- Data provided:
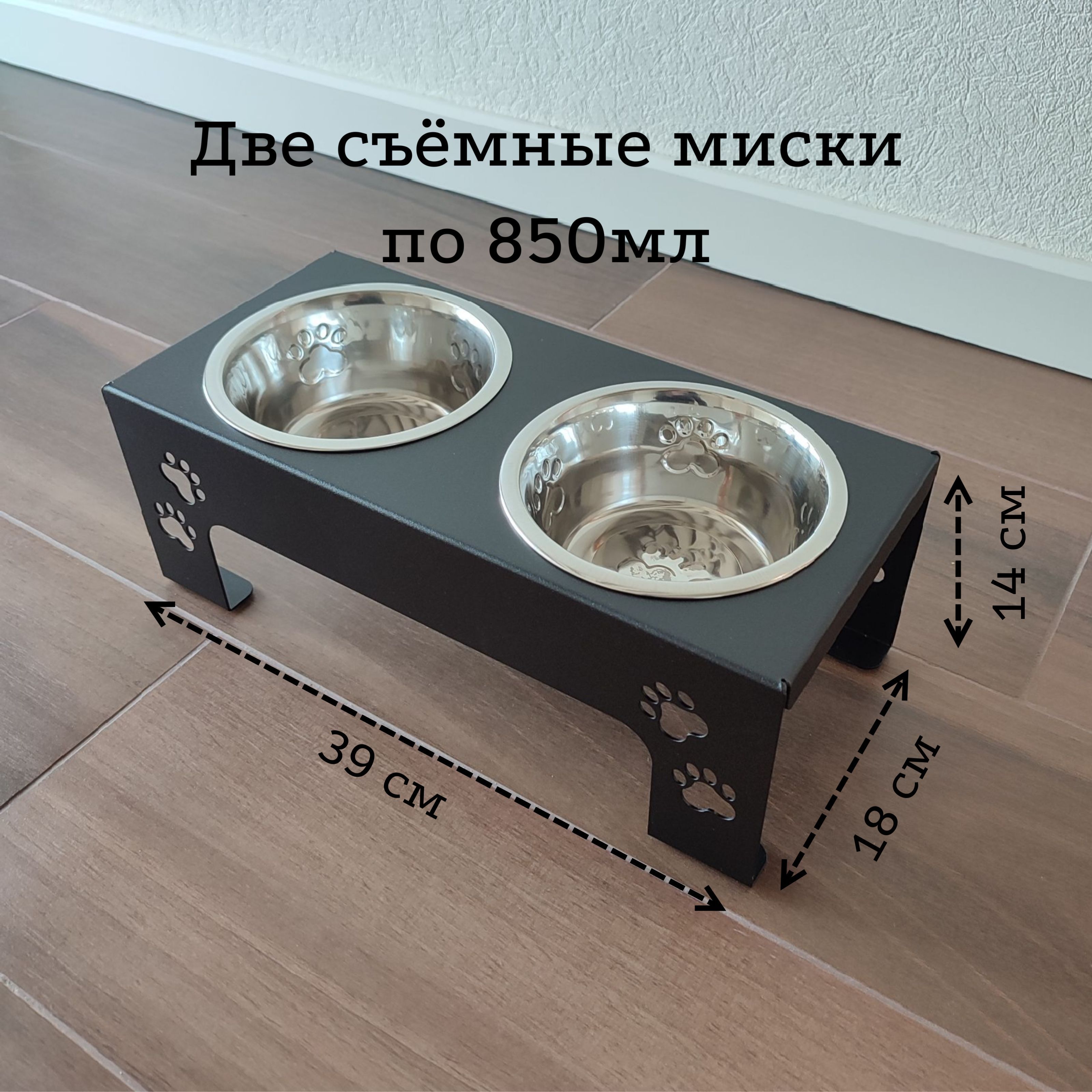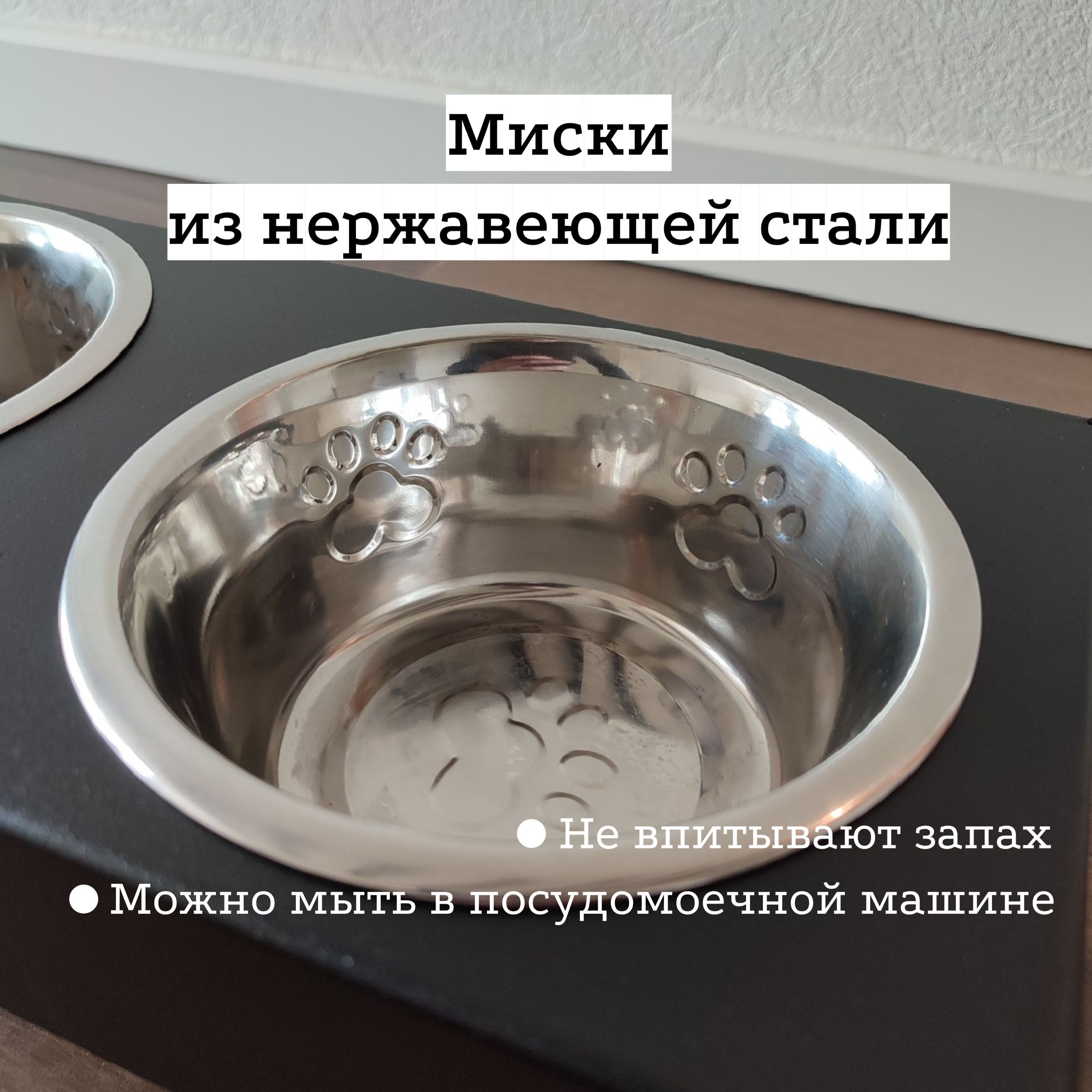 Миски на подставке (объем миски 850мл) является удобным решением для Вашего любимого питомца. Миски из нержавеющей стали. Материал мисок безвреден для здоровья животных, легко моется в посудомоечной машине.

...

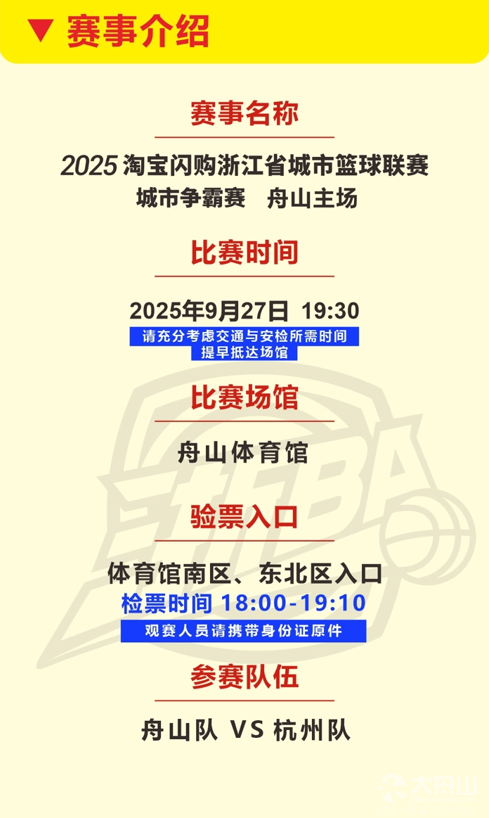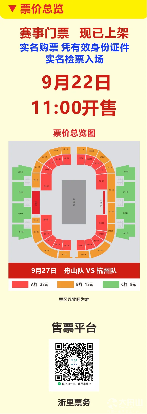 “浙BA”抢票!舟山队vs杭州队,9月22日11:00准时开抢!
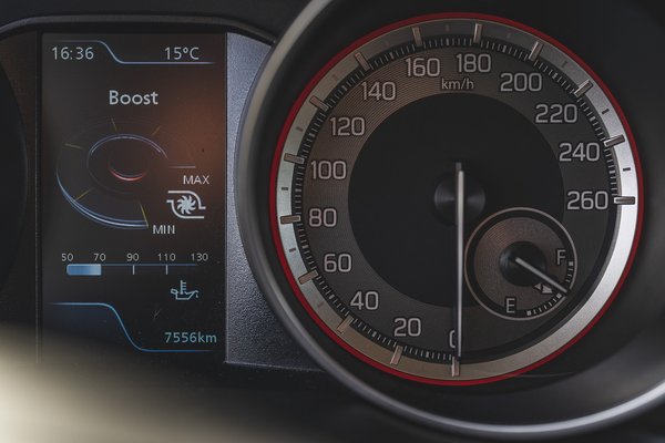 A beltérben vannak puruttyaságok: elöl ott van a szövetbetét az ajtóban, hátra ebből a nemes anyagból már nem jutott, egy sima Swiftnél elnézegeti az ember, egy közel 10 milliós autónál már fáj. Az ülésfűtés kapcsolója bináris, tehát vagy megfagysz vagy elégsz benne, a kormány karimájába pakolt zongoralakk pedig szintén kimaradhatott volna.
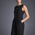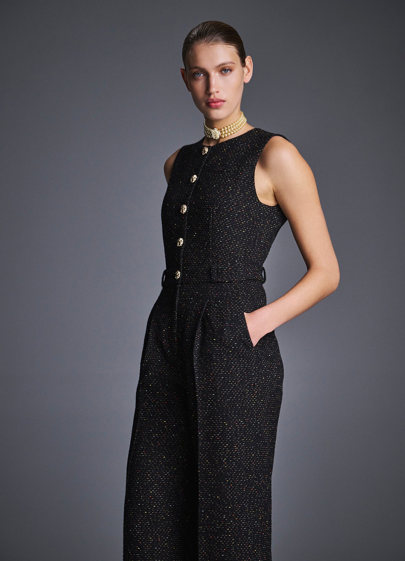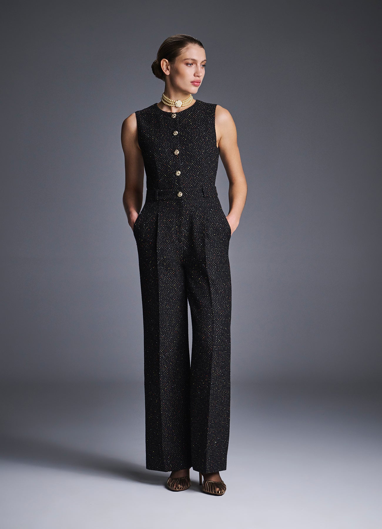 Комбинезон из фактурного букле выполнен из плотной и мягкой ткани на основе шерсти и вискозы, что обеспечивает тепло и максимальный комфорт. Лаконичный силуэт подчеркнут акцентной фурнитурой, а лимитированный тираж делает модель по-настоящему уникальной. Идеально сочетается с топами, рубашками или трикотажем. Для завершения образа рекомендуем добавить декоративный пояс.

- Work request: A clean copy is needed of the lines in the listing above from the one with "A beltérben vannak" through the one with "Комбинезон из фактурного", exact in every word and free of pictures.

- Completed exercise:
 A beltérben vannak puruttyaságok: elöl ott van a szövetbetét az ajtóban, hátra ebből a nemes anyagból már nem jutott, egy sima Swiftnél elnézegeti az ember, egy közel 10 milliós autónál már fáj. Az ülésfűtés kapcsolója bináris, tehát vagy megfagysz vagy elégsz benne, a kormány karimájába pakolt zongoralakk pedig szintén kimaradhatott volna.
 Комбинезон из фактурного букле выполнен из плотной и мягкой ткани на основе шерсти и вискозы, что обеспечивает тепло и максимальный комфорт. Лаконичный силуэт подчеркнут акцентной фурнитурой, а лимитированный тираж делает модель по-настоящему уникальной. Идеально сочетается с топами, рубашками или трикотажем. Для завершения образа рекомендуем добавить декоративный пояс.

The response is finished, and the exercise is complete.